> _Data listing_:
==============================

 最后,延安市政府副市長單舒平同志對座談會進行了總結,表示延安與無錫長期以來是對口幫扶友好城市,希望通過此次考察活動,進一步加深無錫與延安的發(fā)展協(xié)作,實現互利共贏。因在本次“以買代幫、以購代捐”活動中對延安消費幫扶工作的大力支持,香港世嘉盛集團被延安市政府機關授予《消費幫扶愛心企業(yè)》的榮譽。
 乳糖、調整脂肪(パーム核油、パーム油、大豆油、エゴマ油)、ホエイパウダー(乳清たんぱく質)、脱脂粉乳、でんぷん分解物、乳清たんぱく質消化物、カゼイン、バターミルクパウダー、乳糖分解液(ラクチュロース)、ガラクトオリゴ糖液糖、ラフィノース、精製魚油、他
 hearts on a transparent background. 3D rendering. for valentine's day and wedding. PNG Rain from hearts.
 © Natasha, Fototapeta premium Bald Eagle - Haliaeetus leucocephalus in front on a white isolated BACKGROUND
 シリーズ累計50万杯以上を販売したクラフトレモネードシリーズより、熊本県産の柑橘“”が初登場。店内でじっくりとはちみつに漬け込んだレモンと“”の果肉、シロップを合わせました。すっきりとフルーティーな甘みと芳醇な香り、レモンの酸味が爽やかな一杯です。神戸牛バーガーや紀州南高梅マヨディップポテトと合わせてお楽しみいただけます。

==============================

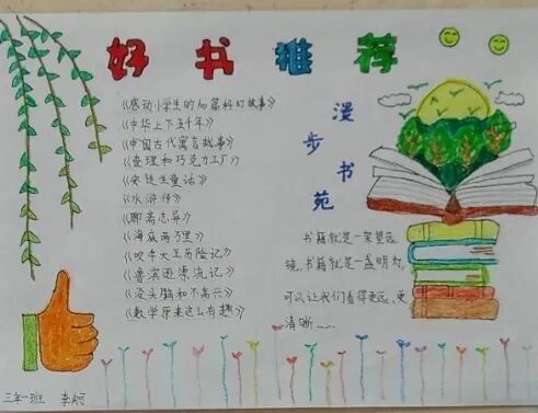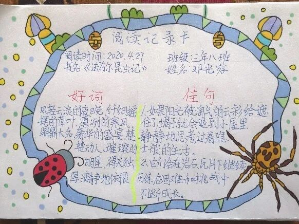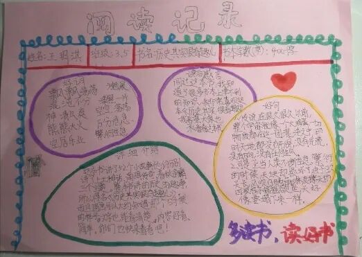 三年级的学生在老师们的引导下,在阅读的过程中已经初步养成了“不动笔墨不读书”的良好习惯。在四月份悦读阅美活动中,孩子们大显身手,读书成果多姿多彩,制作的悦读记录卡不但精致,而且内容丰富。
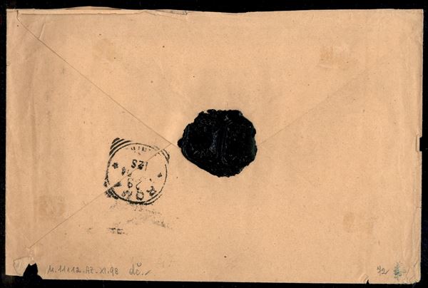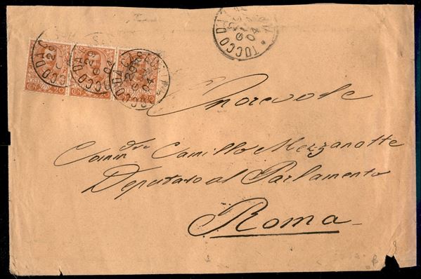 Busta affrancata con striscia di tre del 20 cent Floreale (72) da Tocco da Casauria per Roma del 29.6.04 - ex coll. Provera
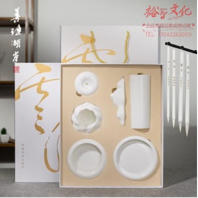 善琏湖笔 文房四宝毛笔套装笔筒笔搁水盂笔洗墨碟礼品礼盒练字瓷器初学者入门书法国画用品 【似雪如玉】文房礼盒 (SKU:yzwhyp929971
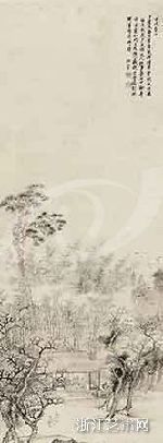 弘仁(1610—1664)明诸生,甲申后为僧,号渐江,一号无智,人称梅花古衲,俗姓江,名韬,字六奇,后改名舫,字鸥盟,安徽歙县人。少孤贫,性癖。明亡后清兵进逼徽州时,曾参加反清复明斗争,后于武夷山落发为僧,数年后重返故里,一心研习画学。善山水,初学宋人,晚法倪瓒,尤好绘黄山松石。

==============================

> _Task instructions_: Every line above between the one containing "善琏湖笔 文房四宝毛笔套装笔筒笔搁水盂笔洗墨碟礼品礼盒练字瓷器初学者入门书法国画用品 【似雪如玉】文房礼盒" and the one containing "弘仁(1610—1664)明", those two included, is to be printed exactly. No pictures go into the copy.

> _The completed task_:
 善琏湖笔 文房四宝毛笔套装笔筒笔搁水盂笔洗墨碟礼品礼盒练字瓷器初学者入门书法国画用品 【似雪如玉】文房礼盒 (SKU:yzwhyp929971
 弘仁(1610—1664)明诸生,甲申后为僧,号渐江,一号无智,人称梅花古衲,俗姓江,名韬,字六奇,后改名舫,字鸥盟,安徽歙县人。少孤贫,性癖。明亡后清兵进逼徽州时,曾参加反清复明斗争,后于武夷山落发为僧,数年后重返故里,一心研习画学。善山水,初学宋人,晚法倪瓒,尤好绘黄山松石。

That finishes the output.